# Swift Operator precedence and associativity Swift Operator precedence and associativity: In this tutorial you will learn about the standards used to evaluate an expression with operators and operands.

operator precedence defines the order wherein a given mathematical expression is evaluated. At the point when an expression incorporates numerous operators then every one of the single pieces of the given expression is evaluated in a specific order keeping a few rules defined according to operator precedence.
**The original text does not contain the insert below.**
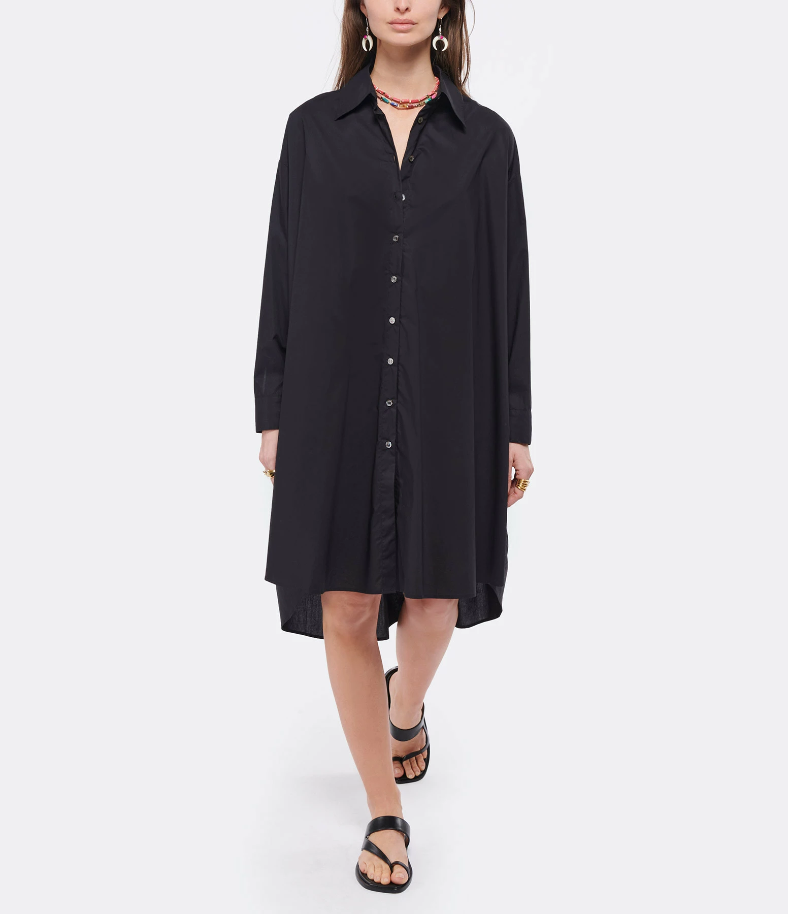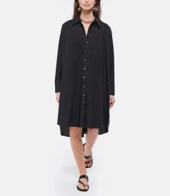Robe chemise en coton noir. Col chemise. Manches longues. Fermeture boutonnée. Deux poches fendues. Coupe ample. Base droite, plus longue à l’arrière.

The operator with higher precedence is evaluated first and the operator with the lowest precedence is evaluated finally.

Operator precedence is a set of decides that figures out which operator is executed first.

Before you learn about operator precedence, make sure to know about Swift operators.

Let’s take an example, suppose there is more than one operator in an expression.

`var num = 8 + 5 * 4 // 28`

Here,

if + is executed first, the value of num will be 52
if * is executed first, the value of num will be 28

For this situation, operator precedence is used to identify which operator is executed first. The operator precedence of * is higher than + so multiplication is executed first.

Contents

## Operator precedence table

The table underneath lists the precedence of Swift operators. The higher it appears in the table, the higher its precedence.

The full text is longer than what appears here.